*** Task inputs ***
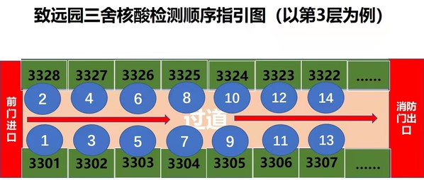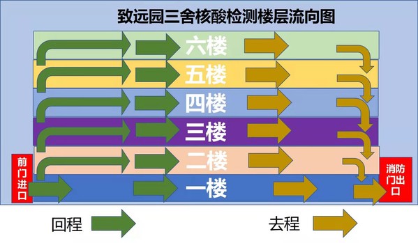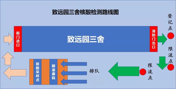 3月11日至今为止,学校组织做了7轮核酸检测,为了将核酸检测过程中的感染风险降低为“0”,落实“寝室之间距离不小于5米,学生之间距离不小于1米”、“应检尽检”的原则,每次检测之前,朱老师和同事们都要做大量工作,前一天晚上制定好核酸检测流程图,并在微信群通知到每位同学。检测前2小时敲门提醒同学们起床,检测前30分钟敲门提醒同学们在寝室做好准备,检测时以寝室为单位敲门限流放行。朱老师在核酸检测准备会上说:“我们致远园三舍核酸检测一定严格按照核酸检测行动方案执行,不能在宿舍内部出任何漏子,这是对学校、对学生、对我们自己负责。” 每次全员核酸检测,致远园三舍的老师们都配合默契,高效、科学的完成了任务。
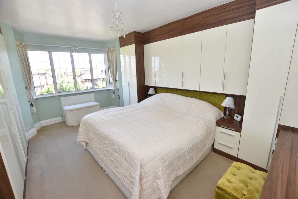 BEDROOM FOUR 17' 0" x 12' 2" (5.18m x 3.71m) Measurements include a range of bespoke fitted wardrobes with high gloss and wood finish, double glazed light window to front, double radiator
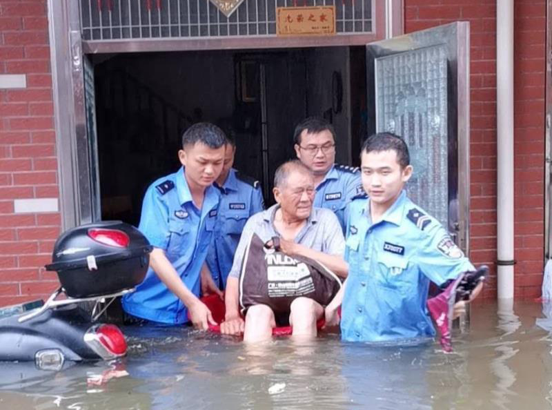 因暴雨影响,天宝街广大家园一片汪洋,两位70多岁的老人被困二楼。龙潭派出所接警后,将两位老人背到一楼,用竹篙绑好放上脚盆,将老人及生活用品送到安全地带,随后联系社区干部妥善安置两位老人。
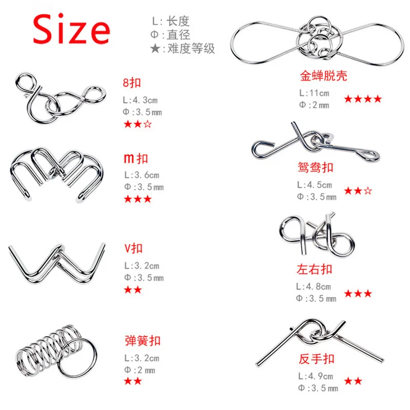 -Этот металлический набор головоломок состоит из 8 классических металлических пазлов, все эти Пазлы очень Классические и популярные, очень идеально подходят для детей и взрослых.
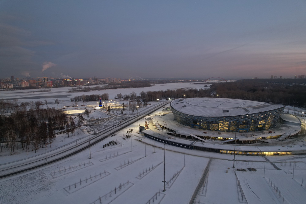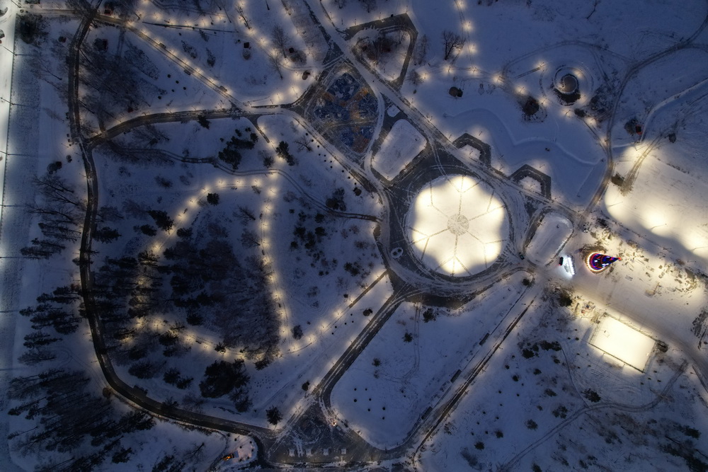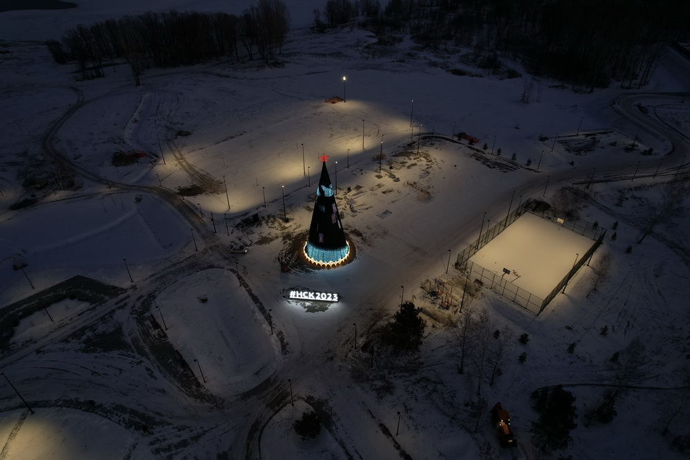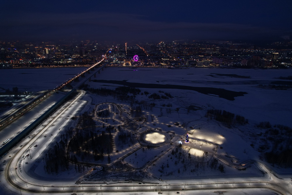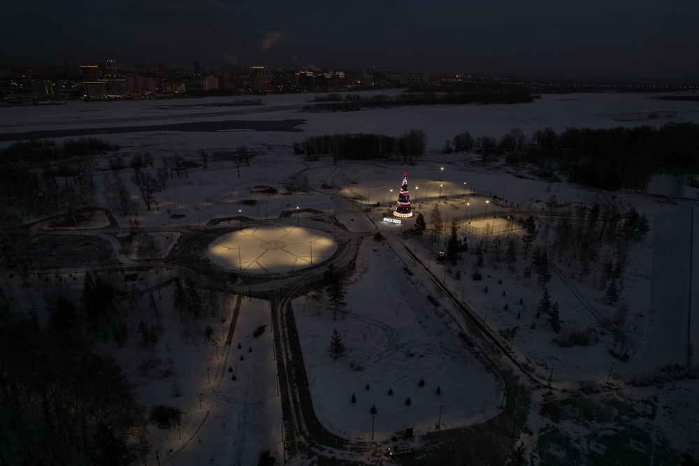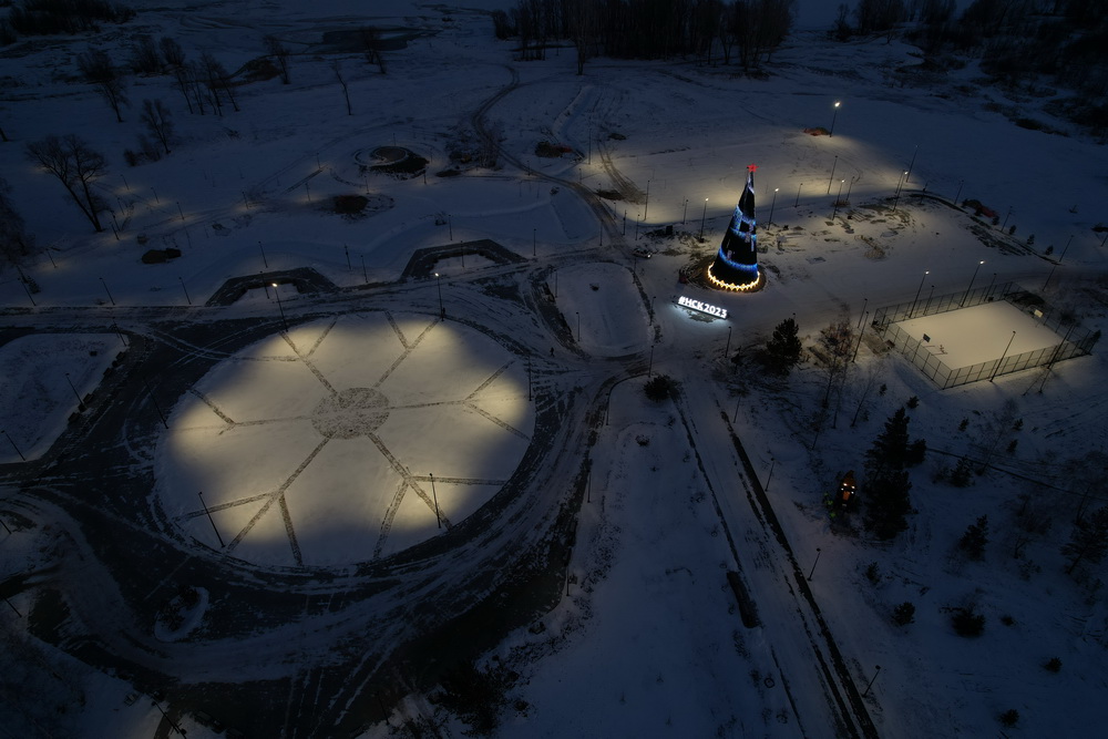 Особенно эффектно новогоднее убранство парка смотрится с высоты. Ёлку установили недалеко от площадки в форме снежинки. Современное световое оборудование способно проецировать на главный символ праздника любое динамическое изображение. Также в парке уже подсвечиваются все дорожки, сферический павильон с гирляндами и надпись «НСК 2023».
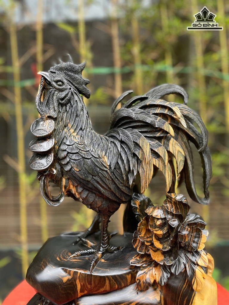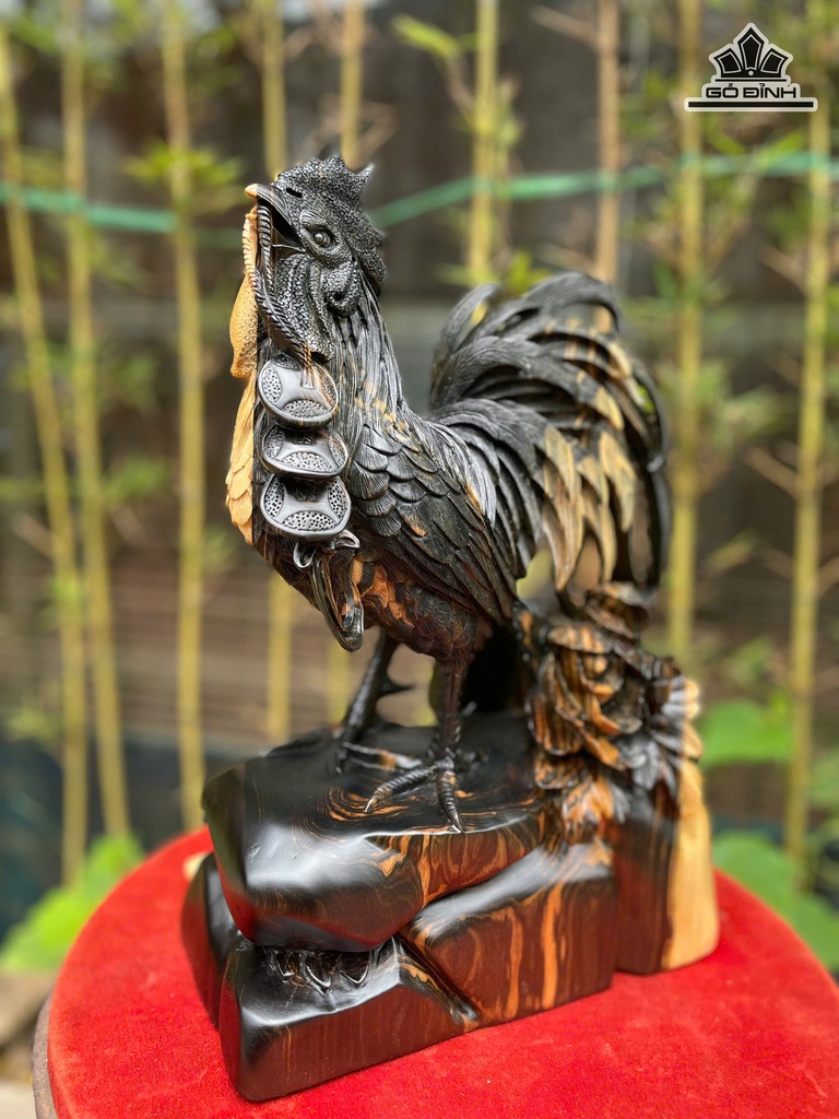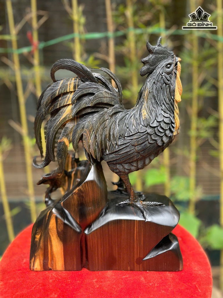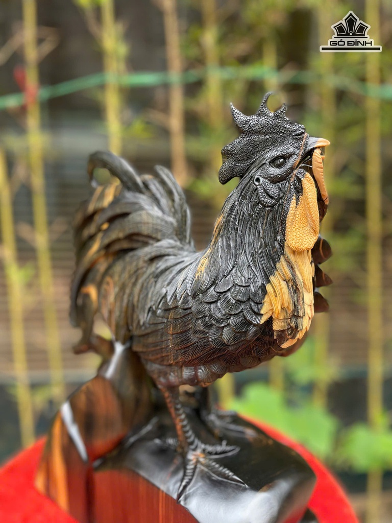 Tượng Gà Trống Gỗ Mun Hoa Cao 39 Ngang 26 Sâu 13 (cm)
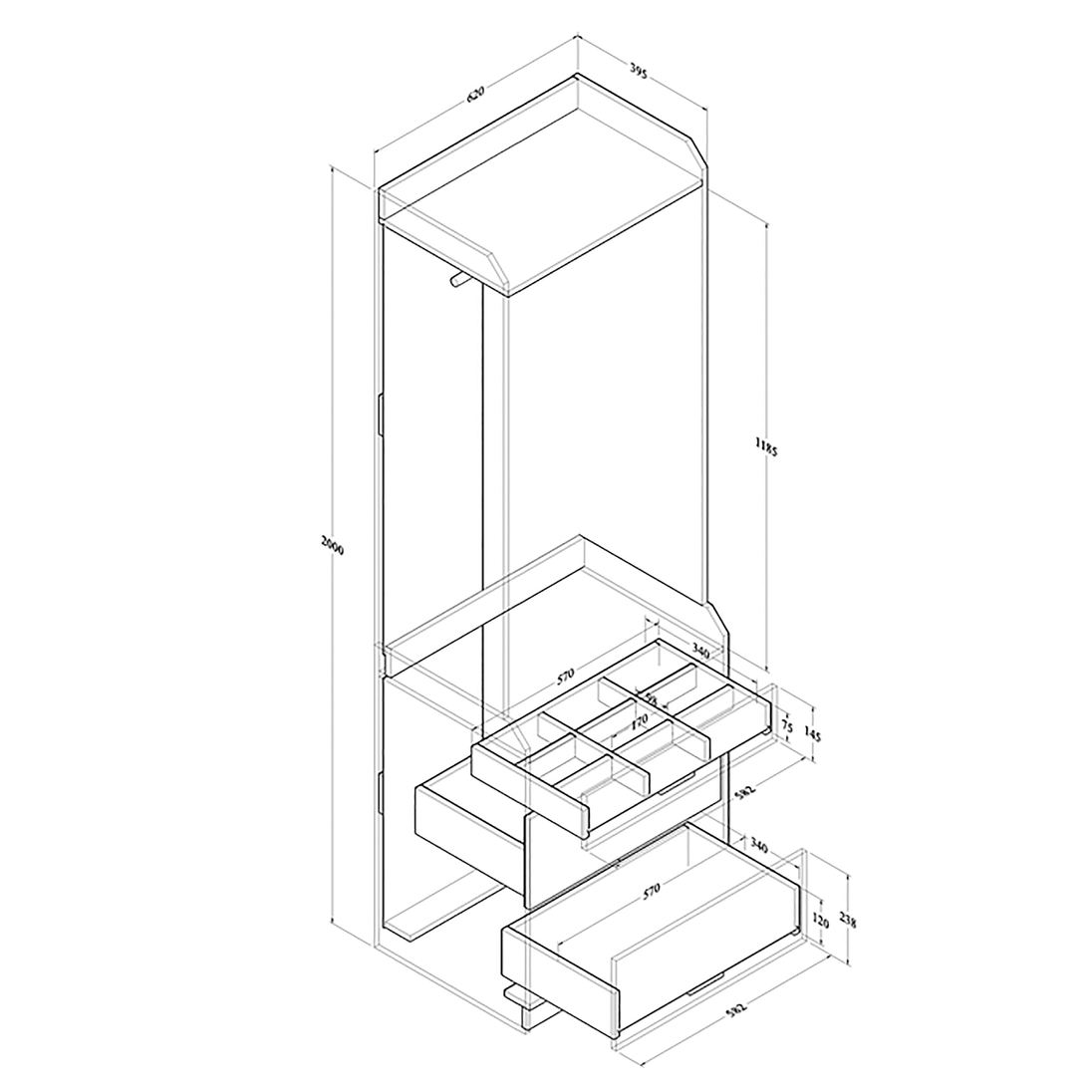 Transform your bedroom with the 3 Drawer Open Wardrobe, a perfect blend of contemporary design and practical storage. Crafted with clean lines and a modern aesthetic, this open wardrobe is ideal for those who want to maintain a sleek, uncluttered space while still having ample room for their clothing and accessories. Its compact yet spacious design makes it a smart choice for both small and large bedrooms.
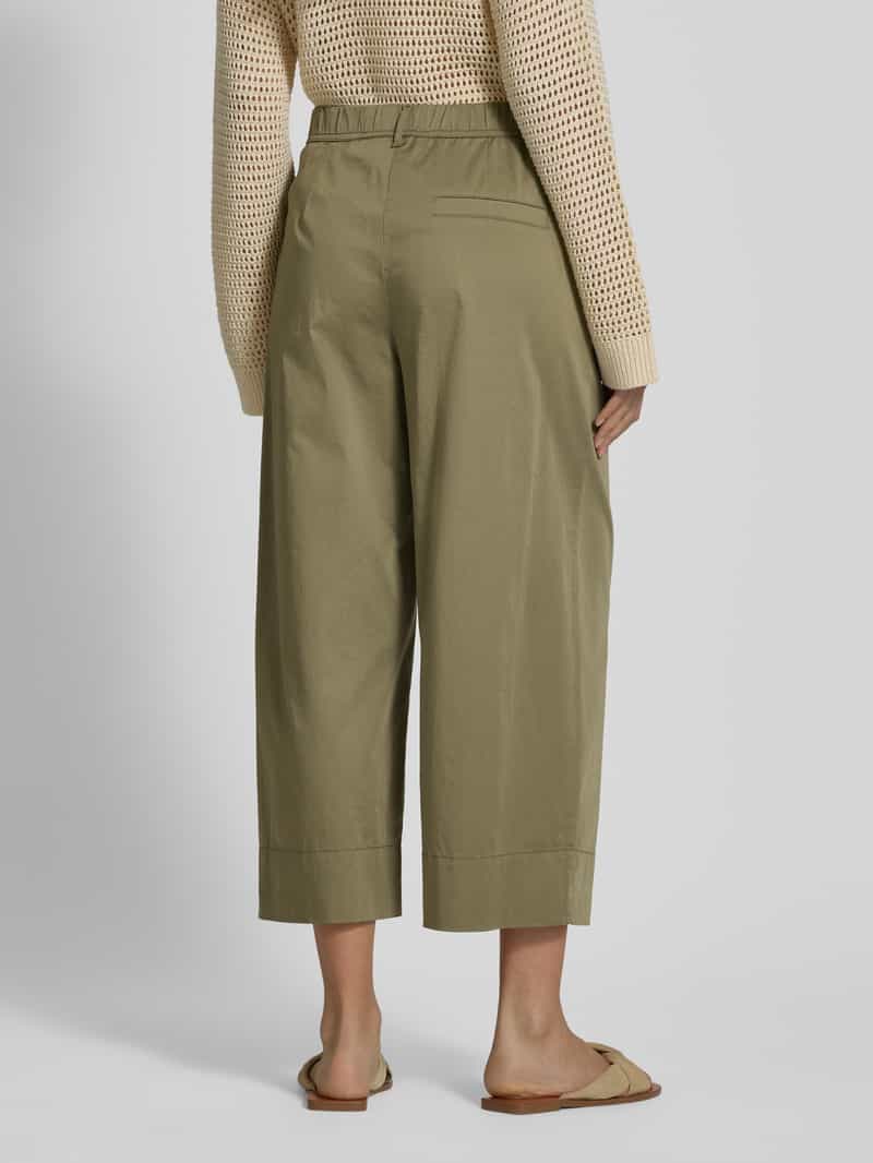 Bandplooibroek van Marc Cain voor dames;Mix van katoen en elastaan;Wide leg;Verkort model;Riemlussen;Bandwijdte bij maat 36: 38 cm;Binnenbeenlengte bij maat 36: 60 cm
*** End of Task inputs ***
Exercise brief -> Reproduce exactly the lines of the data above that run from the line with "BEDROOM FOUR 17'" down to the line with "-Этот металлический набор", both ends included. Pictures do not belong in the copy.

Result for this task ->
 BEDROOM FOUR 17' 0" x 12' 2" (5.18m x 3.71m) Measurements include a range of bespoke fitted wardrobes with high gloss and wood finish, double glazed light window to front, double radiator
 因暴雨影响,天宝街广大家园一片汪洋,两位70多岁的老人被困二楼。龙潭派出所接警后,将两位老人背到一楼,用竹篙绑好放上脚盆,将老人及生活用品送到安全地带,随后联系社区干部妥善安置两位老人。
 -Этот металлический набор головоломок состоит из 8 классических металлических пазлов, все эти Пазлы очень Классические и популярные, очень идеально подходят для детей и взрослых.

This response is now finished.